Abstract
Artificial Intelligence Generated Content (AIGC) has shown remarkable
progress in generating realistic images. However, in this paper, we take a step
"backward" and address AIGC for the most rudimentary visual modality of human
sketches. Our objective is on the creative nature of sketches, and that
creative sketching should take the form of an interactive process. We further
enable text to drive the sketch ideation process, allowing creativity to be
freely defined, while simultaneously tackling the challenge of "I can't
sketch". We present a method to generate controlled sketches using a
text-conditioned diffusion model trained on pixel representations of images.

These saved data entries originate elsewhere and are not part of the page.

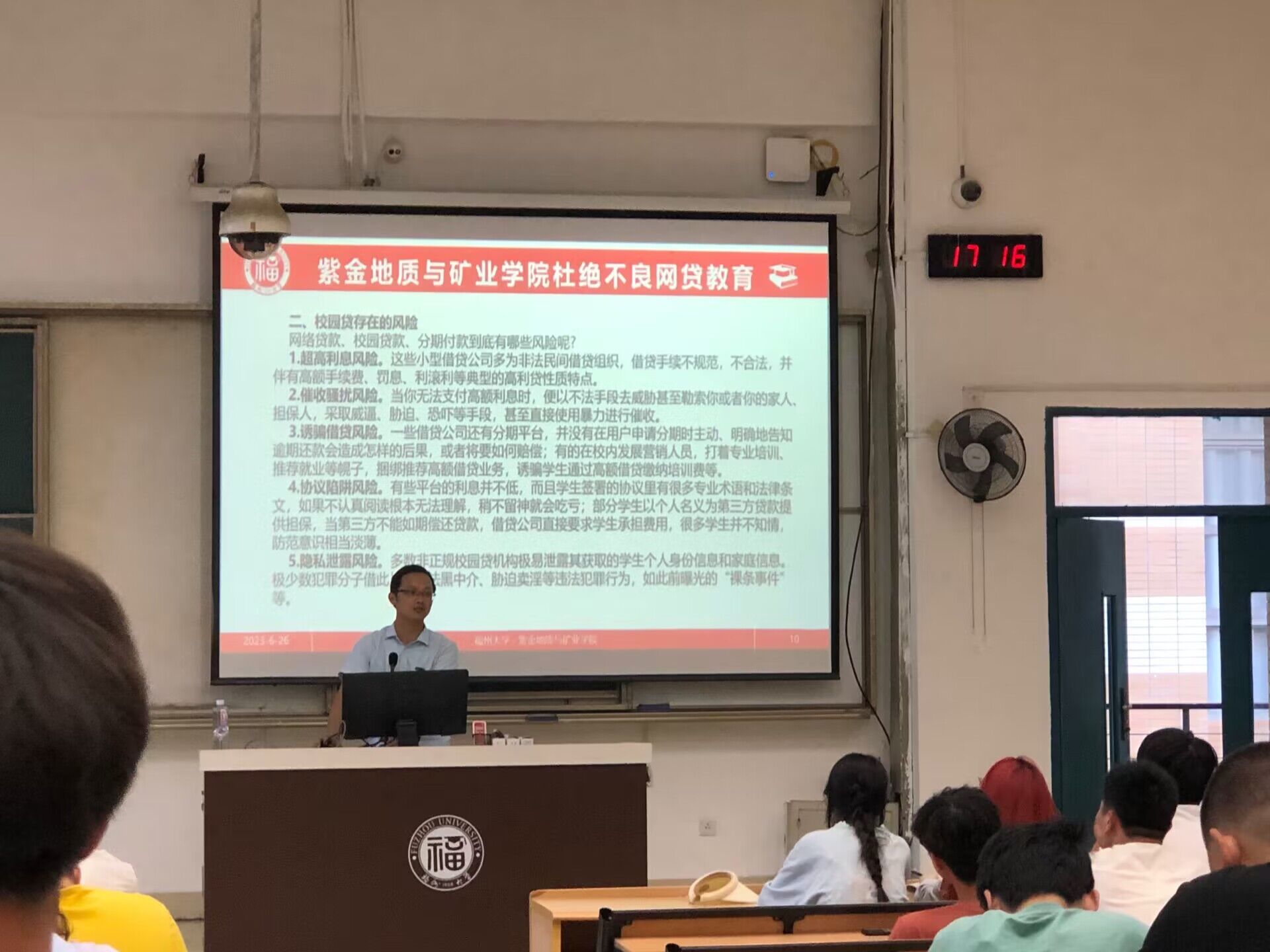 随后,辅导员谢老师对本学期工作进行了总结回顾,突出强调了违规电器、寝室卫生、出行安全、信息安全、电信诈骗、不良网贷等问题。针对期末考试,谢老师重申了考试纪律,组织大家在诚信考试承诺书上签字,并强调要抓紧时间查缺补漏、认真备考,同时也建议大家合理安排期末复习时间,适当与及时纾解压力,减少焦虑情绪,预祝大家取得理想的成绩。
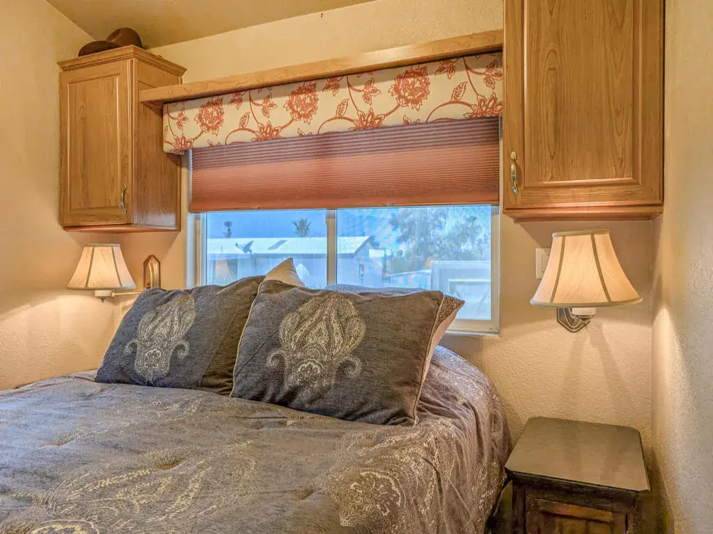 Stunning Views of mountains with pride of ownership and beautiful finishes throughout this spectacular 2006 Laurel Creek Park Model home. Here we have ~600 sq. ft. of living space and features including 1 bedroom, 1 bath, a renovated kitchen and bathroom with granite countertops and real solid wood cabinets, self-closing doors and drawers, under cabinet lighting, newer refrigerator, convection stove, sinks, faucets, water heater, 4-ton ductless system, a ducted evaporative cooler, and so much more. Come find your forever home or getaway vacation spot to Caliente Springs 55+ RV Resort where dreams come true under blue skies and sun. Enrich yourself in the amenities; mineral hot spring fed pool and spas, 8-pickleball courts, tennis courts, 9-hole golf course, planned water activities and a fun active community. Lot is not owned; space rent is $707. Easy lender finance (OAC).
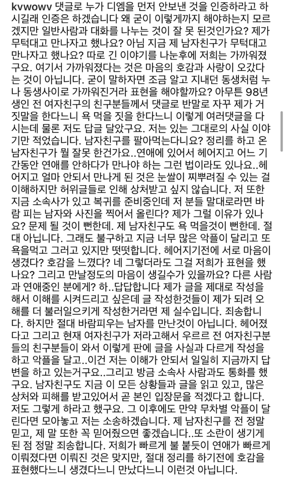 바람의 정의를 모른다고 하셨죠? 저 보고 바람폈다고 지금 전 여자친구분의 지인들이 저에게 온갖 댓글 다셨죠? 그럼 먼저 고소든 뭐든 하지면 되잖아요. 제가 잘못한게 있다면 본인들이 생각하시는 제 잘못들이 뭐가 그리 많으신지 모르겠지만 소송이든 뭐든 하시면 되겠네요.
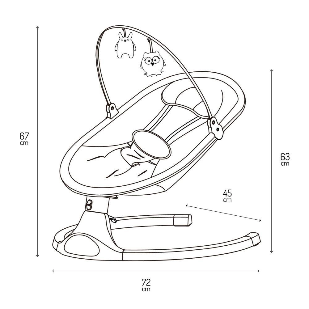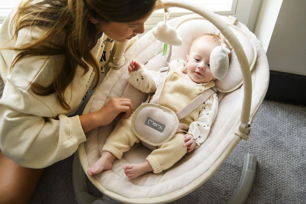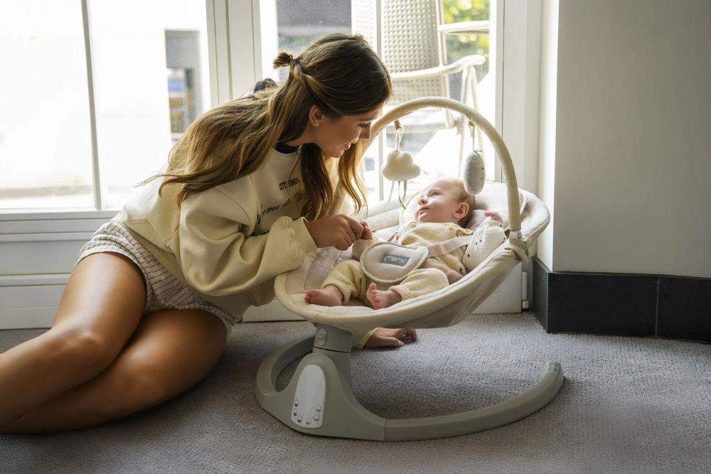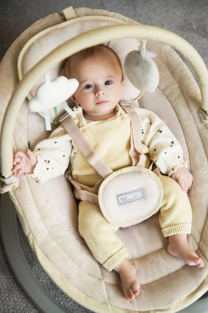 MoMi Kenani è un’elegante e stabile altalena elettrica per bambini fin dalla nascita. Grazie alla struttura leggera in alluminio e acciaio, alla morbida imbottitura e al poggiatesta ergonomico, offre un ambiente sicuro e confortevole. Il controllo è intuitivo tramite un chiaro pannello LCD o telecomando, così puoi regolare modalità e volume senza disturbare il sonno del piccolo.
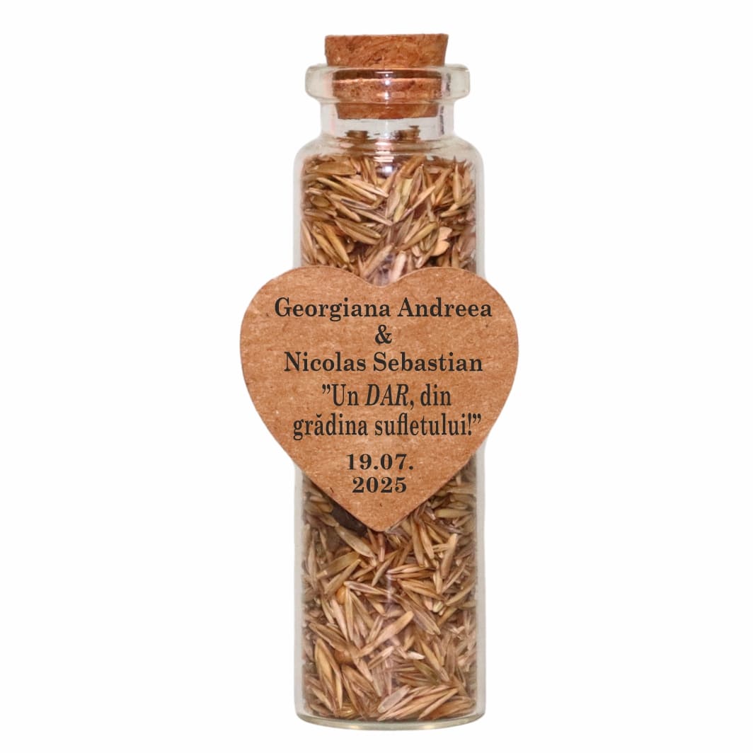 Surprinde-ți invitații cu o mărturie de nuntă originală și plină de semnificație: o sticluta eleganta, umpluta cu semințe de flori, care spune o poveste despre iubire, creștere și amintiri durabile. Această mărturie de nuntă cu semințe de flori este o invitație simbolică de a planta momente frumoase și de a cultiva legături sincere, chiar și după ce petrecerea s-a încheiat.
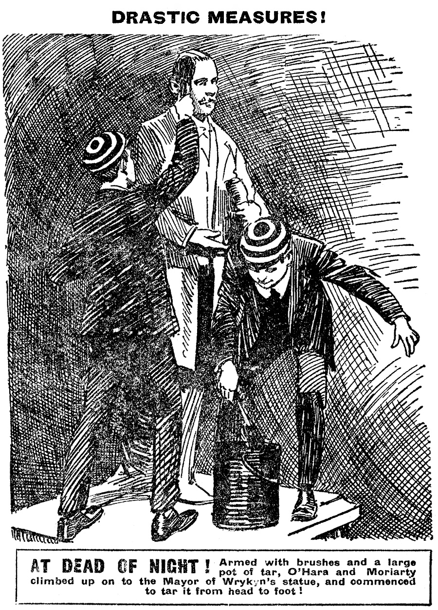 “We used leaves. They do just as well, and there were heaps on the bank. Well, when we landed, we tied up the boat, and bunked across to the recreation ground. We got over the beastly, spiky railings and went over to the statue. Moriarty got up first, and I handed him the tar and a brush. Then I went up with the other brush, and we began. We did his face first. It was too dark to see really well, but I think we made a good job of it. When we had put about as much tar on as we thought would do, we took out the leaves—which we were carrying in our pockets—and spread them on. Then we got into our boat again, and came back.”
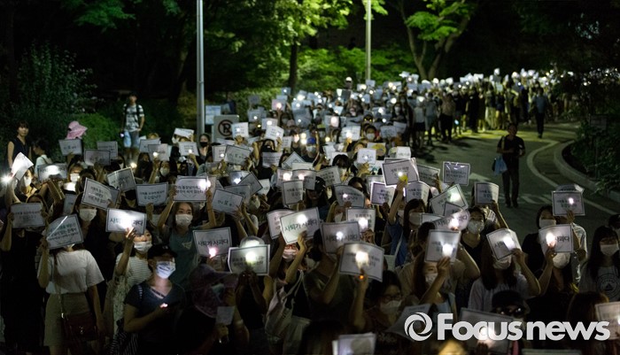 (서울=포커스뉴스) 10일 오후 서울 서대문구 이화여대에서 재학생 및 졸업생들이 최경희 총장의 사퇴를 요구하며 행진을 하고 있다.
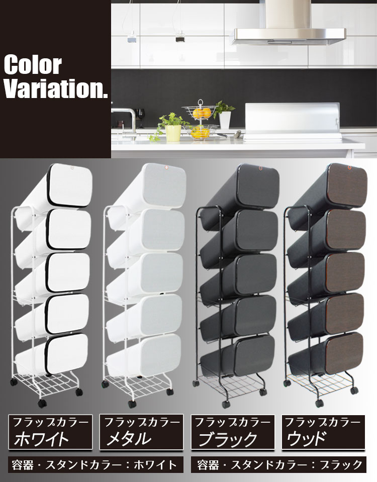 スムーススタンドボックス 5段 セット内容 ・ごみ容器×5 ・ふた×5 ・袋止めリング×5 ・スペーサー×20 ・上サイドフレーム×2 ・下サイドフレーム×2 ・ペールフレーム×5 ・ベースフレーム×1 ・キャスター(ストッパー付き×2・ストッパー無し×2) ・ボルト×20 ・取扱説明書 外形寸法 幅(約)34×奥行(約)50×高さ(約)147cm 重量 (約)9kg 製品耐荷重 1個あたり(約)3kg 全体(約)15kg 材質 ・ごみ容器、ふた、袋止めリング、スペーサー、ダンパーカバー、キャスターソケット:ポリプロピレン ・フラップ:ABS樹脂 ・歯車:ナイロン ・フレーム:銅(粉体焼付塗装) ・ダンパー:ポリカーボネート、ポリアセタール、シリコーンオイル ・ラッチ:ポリアセタール、ナイロン、ステンレス鋼 ・キャスター:ナイロン、鋼 容量 ごみ容器(約)19リットル/個 原産国 ベトナム 使用上のご注意 ●製品の組立完了後、安定を確かめた上で、床面の平らな場所に水平に設置してお使いください。
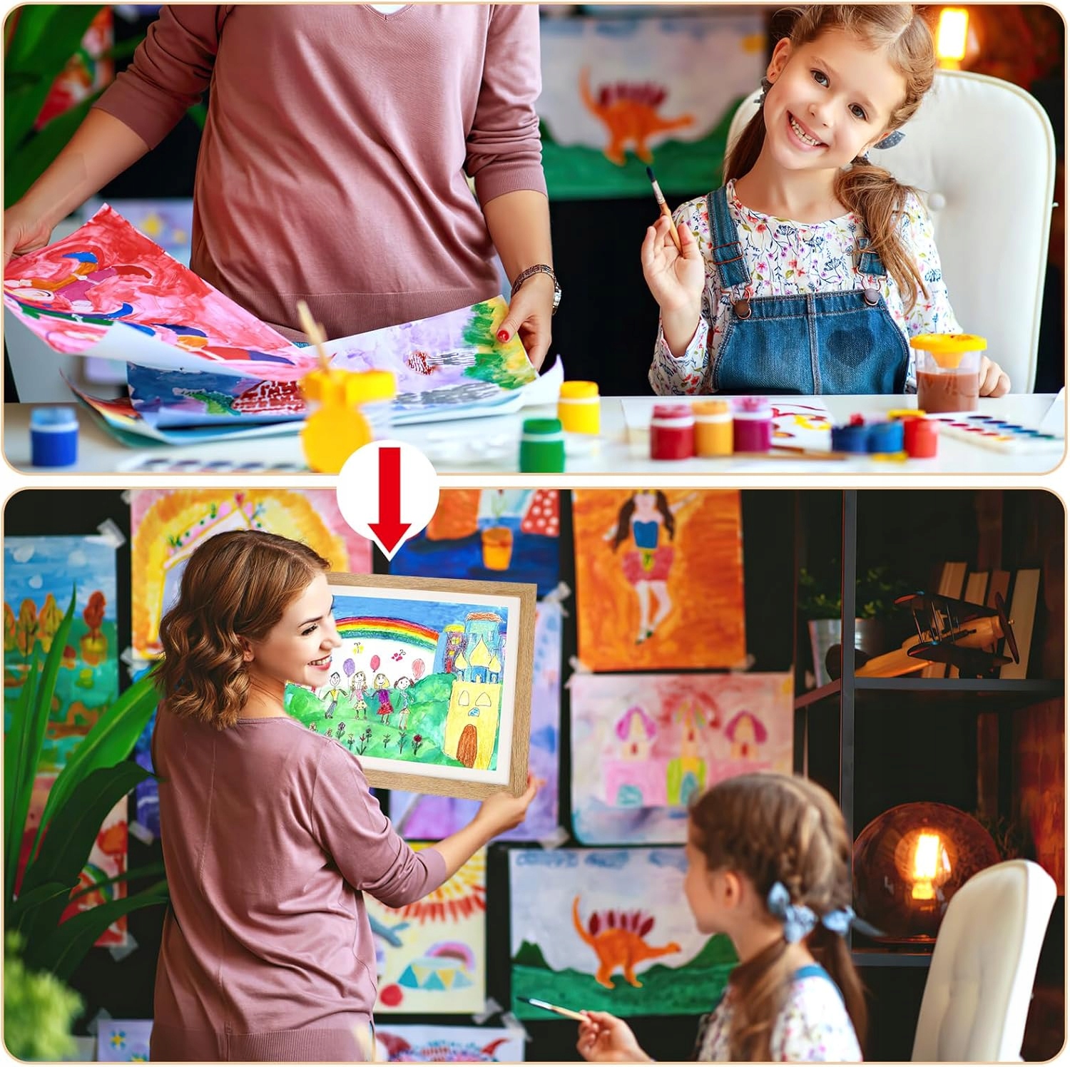 - 【Спеціальний дизайн кріплення】 Штучна дитяча рамка оснащена чорною гумовою стрічкою, за допомогою якої картину можна подвійно закріпити. Рамка оснащена двосторонніми наклейками на тильній стороні, щоб запобігти злегка розгойдування при кріпленні на стіні. Наша фоторамка формату A3 ідеально підходить для дорогоцінних творів мистецтва вашої дитини. Її можна відкривати та закривати, як книжку, щоб ви могли демонструвати, змінювати чи зберігати твори мистецтва.

Our proposed approach, referred to as SketchDreamer, integrates a
differentiable rasteriser of Bezier curves that optimises an initial input to
distil abstract semantic knowledge from a pretrained diffusion model. We
utilise Score Distillation Sampling to learn a sketch that aligns with a given
caption, which importantly enable both text and sketch to interact with the
ideation process. Our objective is to empower non-professional users to create
sketches and, through a series of optimisation processes, transform a narrative
into a storyboard by expanding the text prompt while making minor adjustments
to the sketch input. Through this work, we hope to aspire the way we create
visual content, democratise the creative process, and inspire further research
in enhancing human creativity in AIGC. The code is available at
\url{https://github.com/WinKawaks/SketchDreamer}.